SOURCE MATERIAL:
◇ ◇ ◇ ◇ ◇
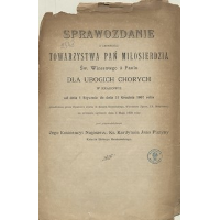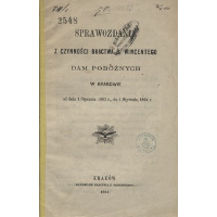 - Sprawozdanie z czynności Towarzystwa Pań Miłosierdzia św. Wincentego á Paulo dla ubogich w Krakowie : od dnia 1. Marca 1867 r. do 1. Stycznia 1868 r.
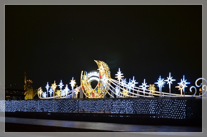 Da es heute draußen irgendwie ungemütlich ist, dachte ich mir, ich fahre nach Odaiba. Da gibt es zwei große Malls – zum Aufwärmen. Und ich wollte eh die eine seltsame Figur dort sehen (ich weiß leider gerade nicht mehr, wie das Gerät hieß), also ab dafür. In Odaiba angekommen musste ich allerdings schnell feststellen, dass mein Research äußerst mangelhaft war. Im Endeffekt gab es so viel zu sehen, dass ich nur einmal kurz bei Old Navy war – netterweise waren gerade langärmlige Sweatshirts im Angebot, sodass ich dann auch bequem draußen rum laufen konnte. :D
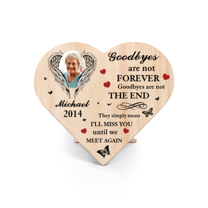 This beautifully designed piece features angel wings and butterfly patterns imprinted on a high-quality wood surface for a timeless appeal. You can personalize it with a name, photo, and date of your choosing, making it an ideal gift or memento.
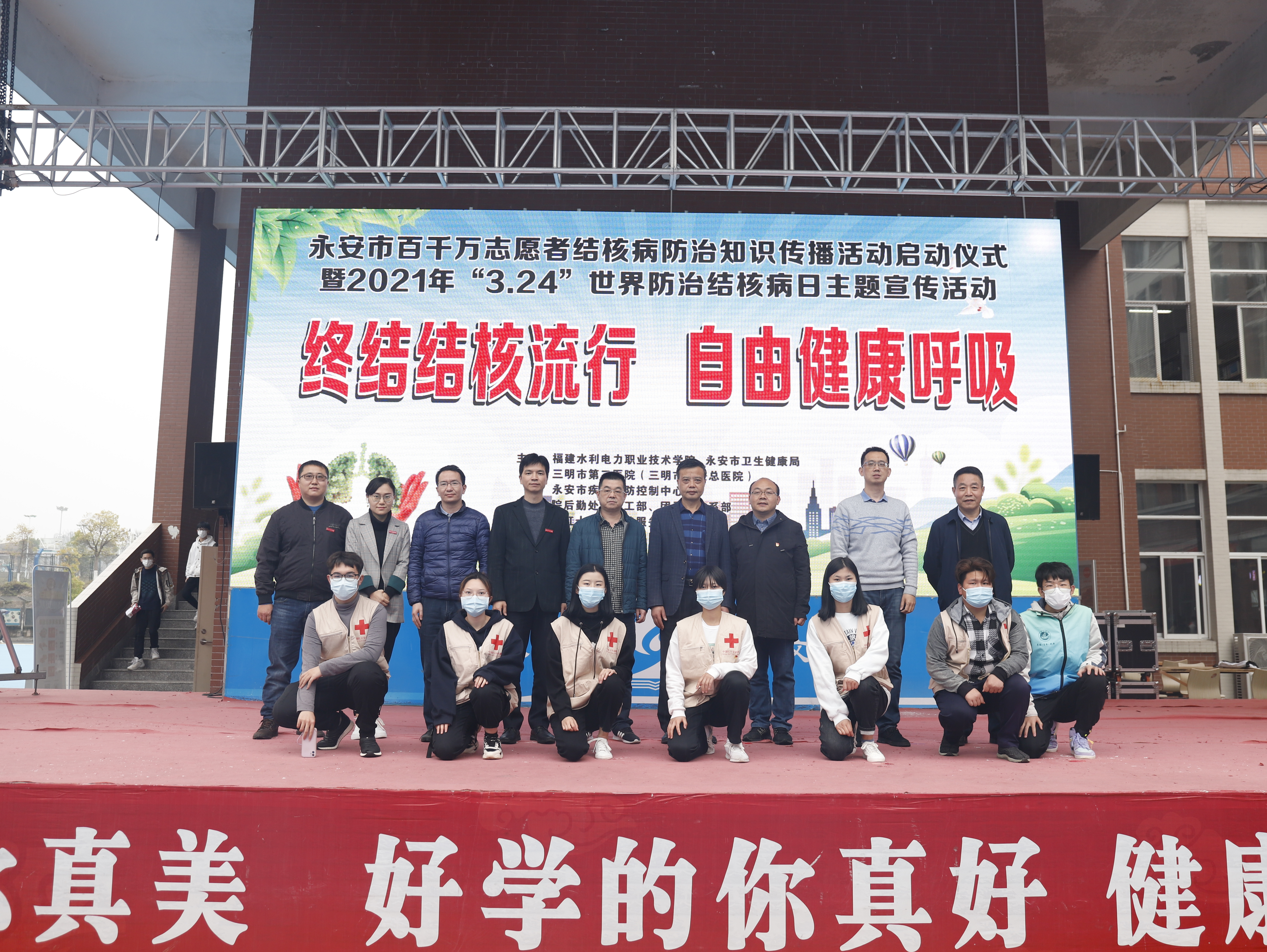 3月23日下午,学院联合永安市卫健局、三明市永安总医院和永安市疾病预防控制中心、燕南社区卫生服务中心在综合楼广场开展以“终结结核流行 自由健康呼吸”为主题的百千万志愿者结核病防治知识传播活动启动仪式宣传系列活动。学院副院长李建平,市卫健局副局长赖建华,市疾控中心主任范光,后勤处、学工部、团委、医务室及志愿者等350余人参加。
◇ ◇ ◇ ◇ ◇
Reproduce the lines from the one with "This beautifully designed" through the end of the data, keeping both end lines, adding nothing, and dropping any pictures.

 This beautifully designed piece features angel wings and butterfly patterns imprinted on a high-quality wood surface for a timeless appeal. You can personalize it with a name, photo, and date of your choosing, making it an ideal gift or memento.
 3月23日下午,学院联合永安市卫健局、三明市永安总医院和永安市疾病预防控制中心、燕南社区卫生服务中心在综合楼广场开展以“终结结核流行 自由健康呼吸”为主题的百千万志愿者结核病防治知识传播活动启动仪式宣传系列活动。学院副院长李建平,市卫健局副局长赖建华,市疾控中心主任范光,后勤处、学工部、团委、医务室及志愿者等350余人参加。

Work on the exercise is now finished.